**EXERCISE INPUT:**

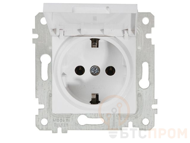 Розетка 1-ая (скрытая, без рамки, с/з, с крышкой) белая, RITA, MUTLUSAN (16 A, 250 V, IP 20) 2200 610 0201
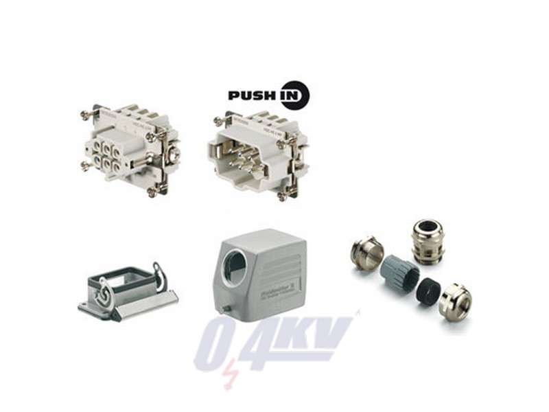 Industry plug-in connector set consisting of insert, enclosure and cable gland.
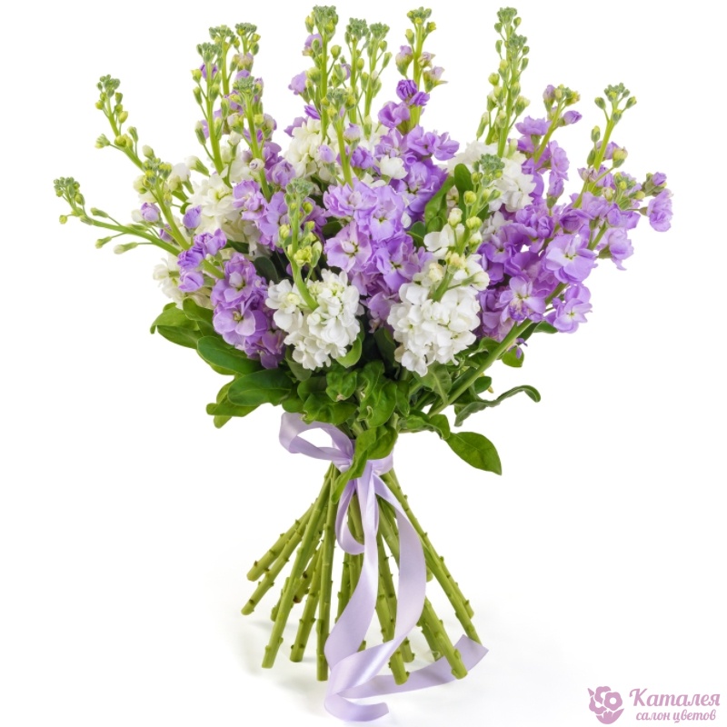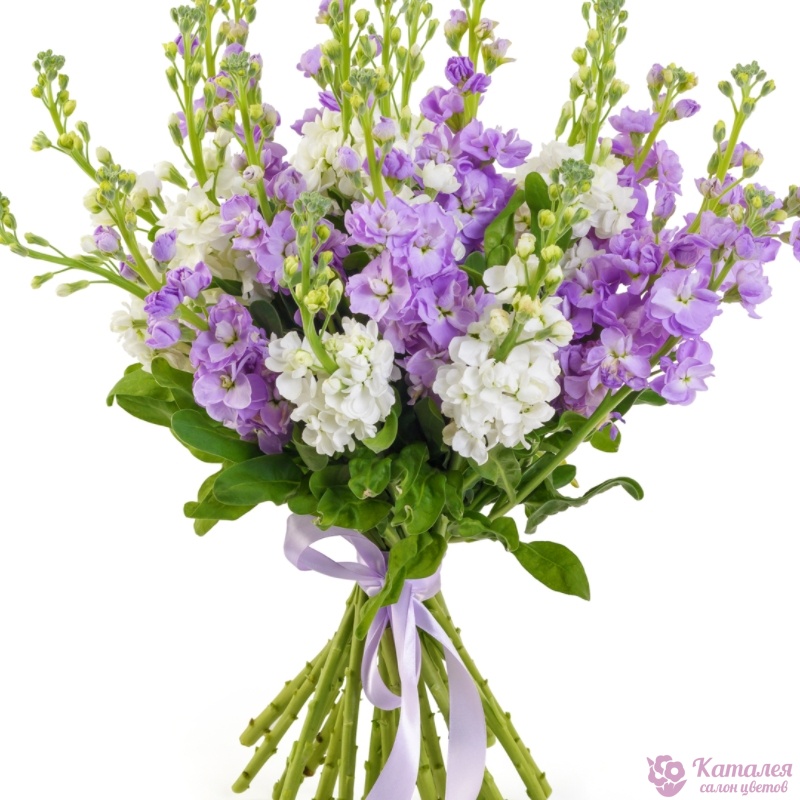 Букет состоит из MIX из 15 маттиол, прозрачная упаковка, атласная лента.
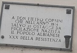 Nella parete esterna della chiesa parrocchiale di San Martino è stata posta nel trentesimo della liberazione una lastra commemorativa; riporta la dedica commemorativa del popolo di Albiano al parroco don Pietro Corsini ‘’ A Don Pietro Corsini che nell’anno 1944 salvò 23 ostaggi da fucilazione nazista . il popolo albianese. XXX della resistenza. Dunque – conclude il sindaco – sabato partecipiamo compatti.’’
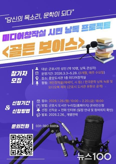 뉴스100 김동초 기자 | 군포시 중앙도서관은 시민이 직접 참여하는 낭독 콘텐츠 제작을 통해 공공 문화콘텐츠를 확산하고, 시민의 창작 경험을 지원하기 위해 미디어창작실 시민 낭독 프로젝트 '골든 보이스'를 운영한다.
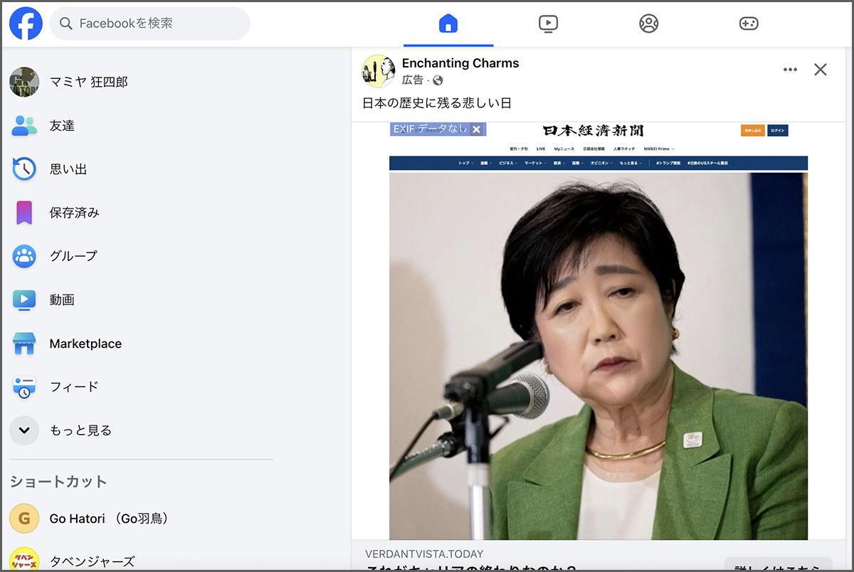 ※注意!※こんなことを書いている最中、まさに「小池百合子都知事のなりすまし投資詐欺広告」が表示された。
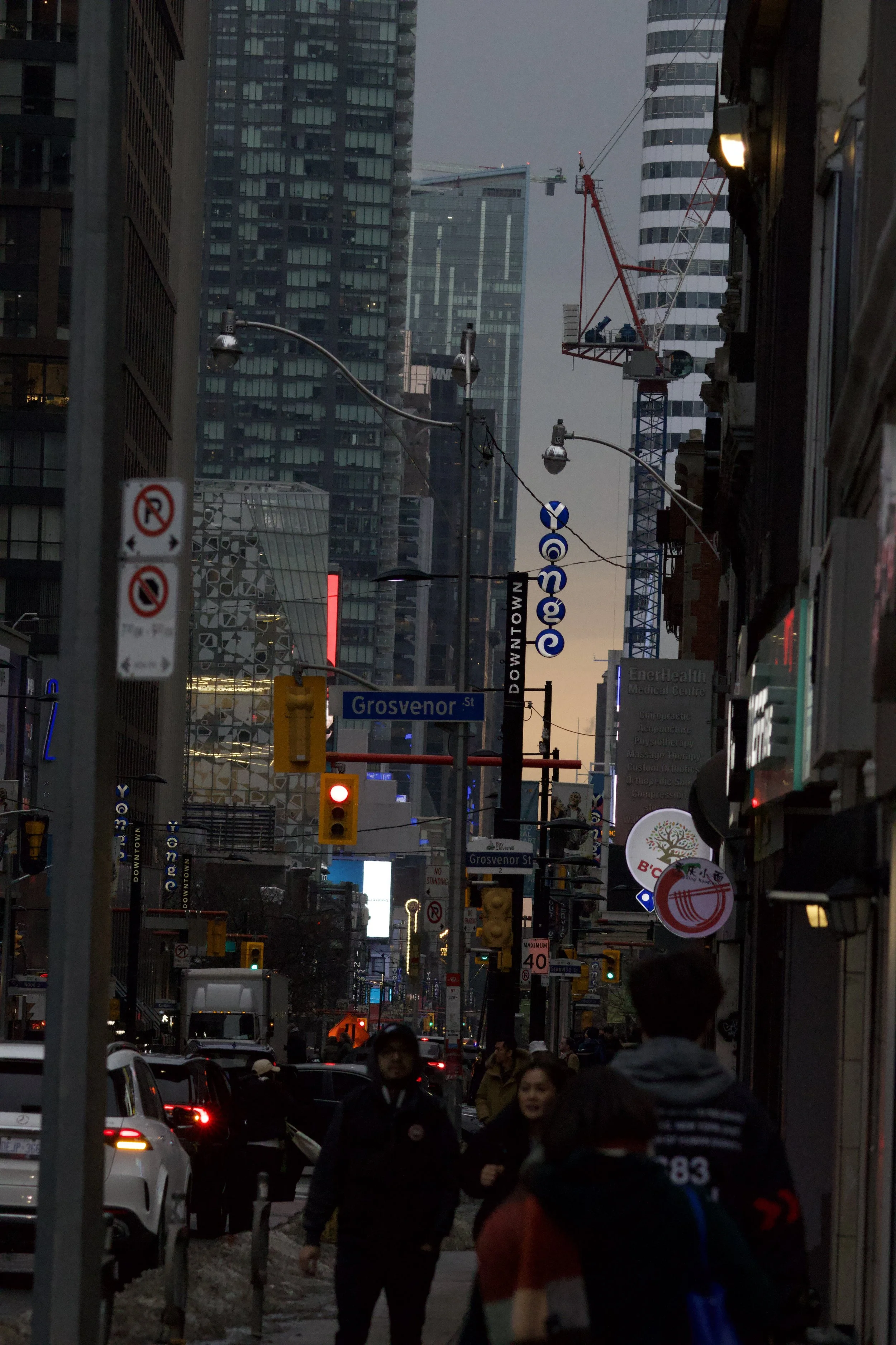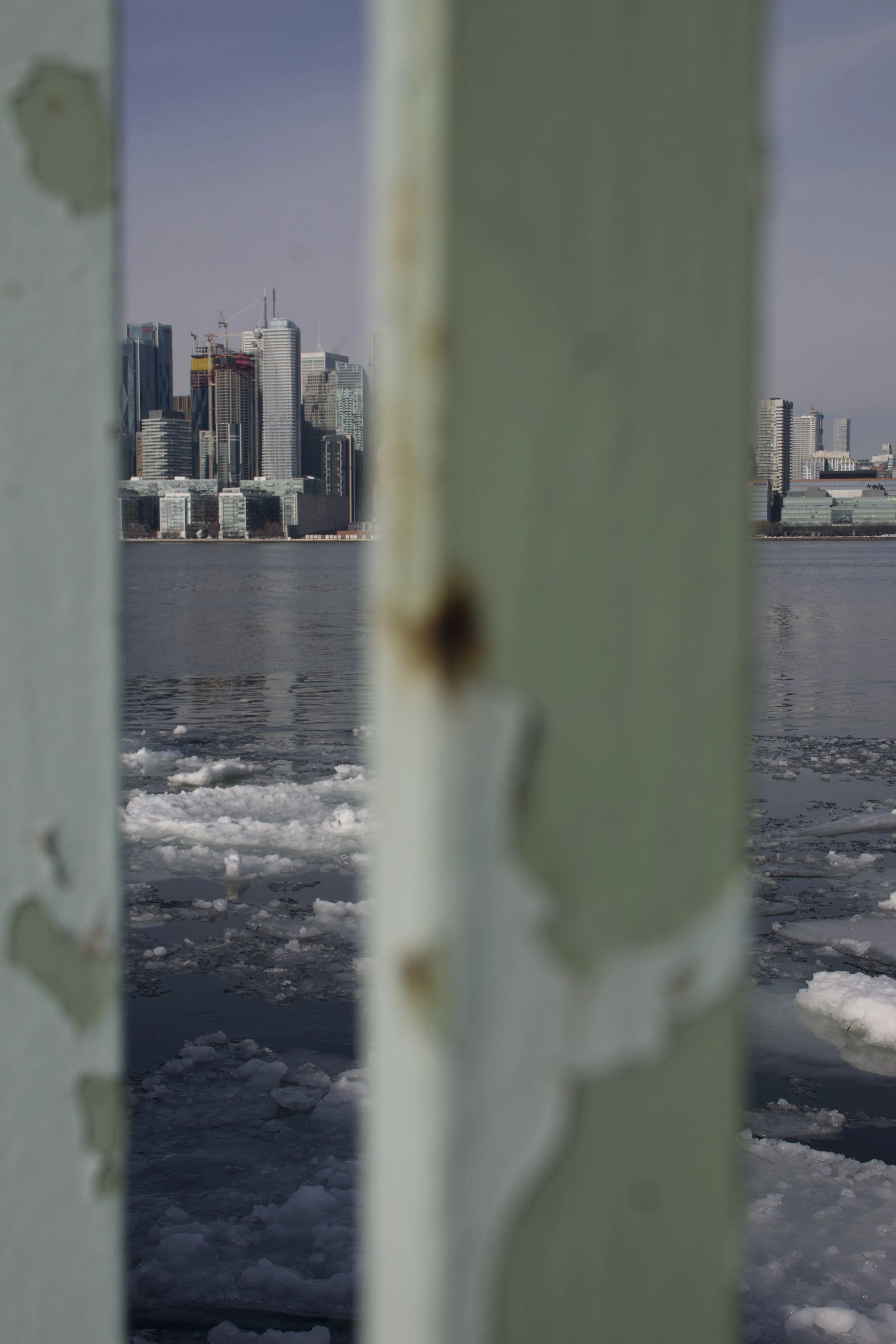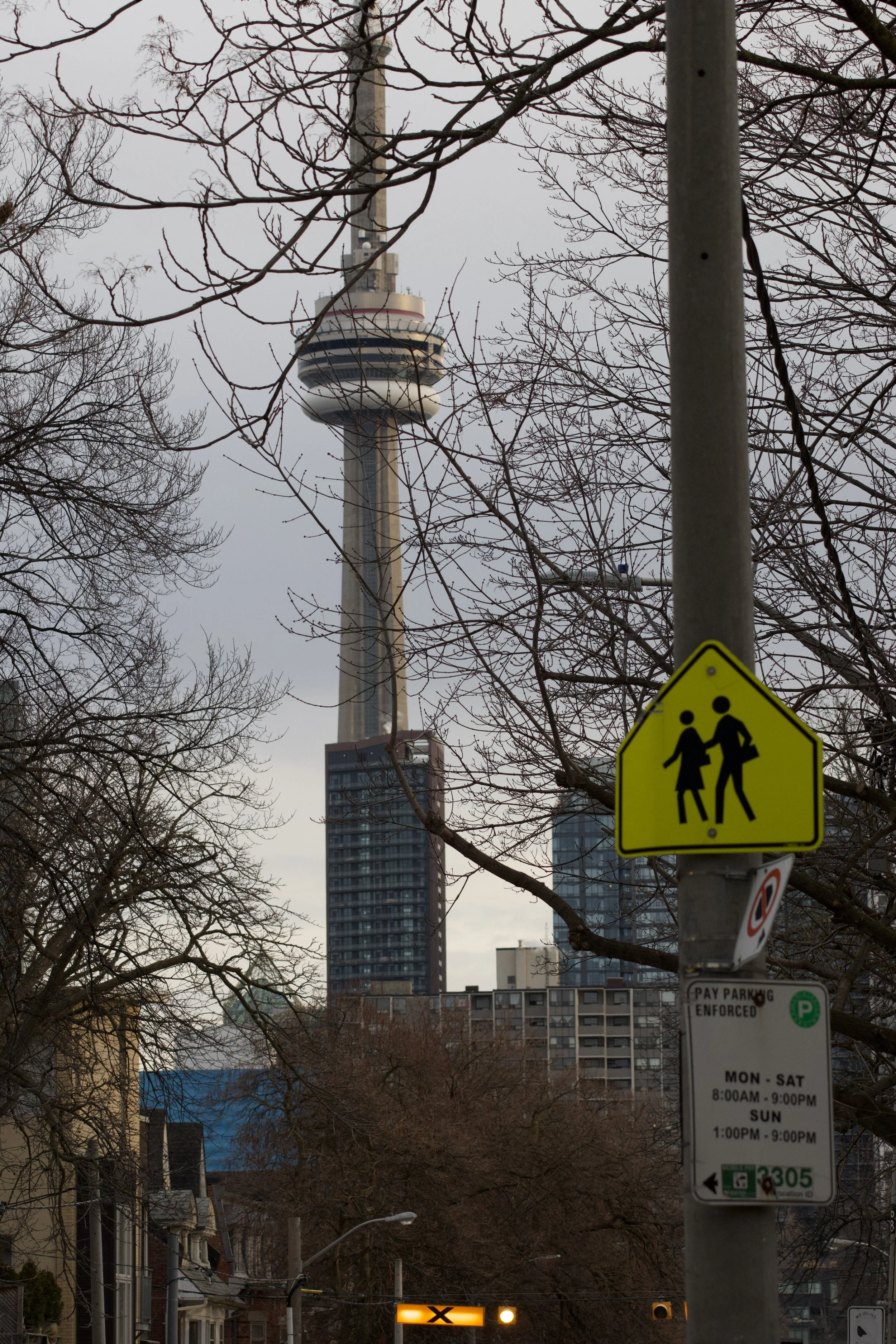 Beyond the bustle, a quieter rhythm emerges. The iconic CN Tower rises through a frame of bare branches, its steel presence softened by the simplicity of suburban streets. Signs of everyday life punctuate the horizon, grounding the city's ambition in moments of pause and familiarity.

**WORK INSTRUCTION:** Recopy the full listing exactly, passing over any picture.

**SOLUTION FOR THIS PROBLEM:**
 Розетка 1-ая (скрытая, без рамки, с/з, с крышкой) белая, RITA, MUTLUSAN (16 A, 250 V, IP 20) 2200 610 0201
 Industry plug-in connector set consisting of insert, enclosure and cable gland.
 Букет состоит из MIX из 15 маттиол, прозрачная упаковка, атласная лента.
 Nella parete esterna della chiesa parrocchiale di San Martino è stata posta nel trentesimo della liberazione una lastra commemorativa; riporta la dedica commemorativa del popolo di Albiano al parroco don Pietro Corsini ‘’ A Don Pietro Corsini che nell’anno 1944 salvò 23 ostaggi da fucilazione nazista . il popolo albianese. XXX della resistenza. Dunque – conclude il sindaco – sabato partecipiamo compatti.’’
 뉴스100 김동초 기자 | 군포시 중앙도서관은 시민이 직접 참여하는 낭독 콘텐츠 제작을 통해 공공 문화콘텐츠를 확산하고, 시민의 창작 경험을 지원하기 위해 미디어창작실 시민 낭독 프로젝트 '골든 보이스'를 운영한다.
 ※注意!※こんなことを書いている最中、まさに「小池百合子都知事のなりすまし投資詐欺広告」が表示された。
 Beyond the bustle, a quieter rhythm emerges. The iconic CN Tower rises through a frame of bare branches, its steel presence softened by the simplicity of suburban streets. Signs of everyday life punctuate the horizon, grounding the city's ambition in moments of pause and familiarity.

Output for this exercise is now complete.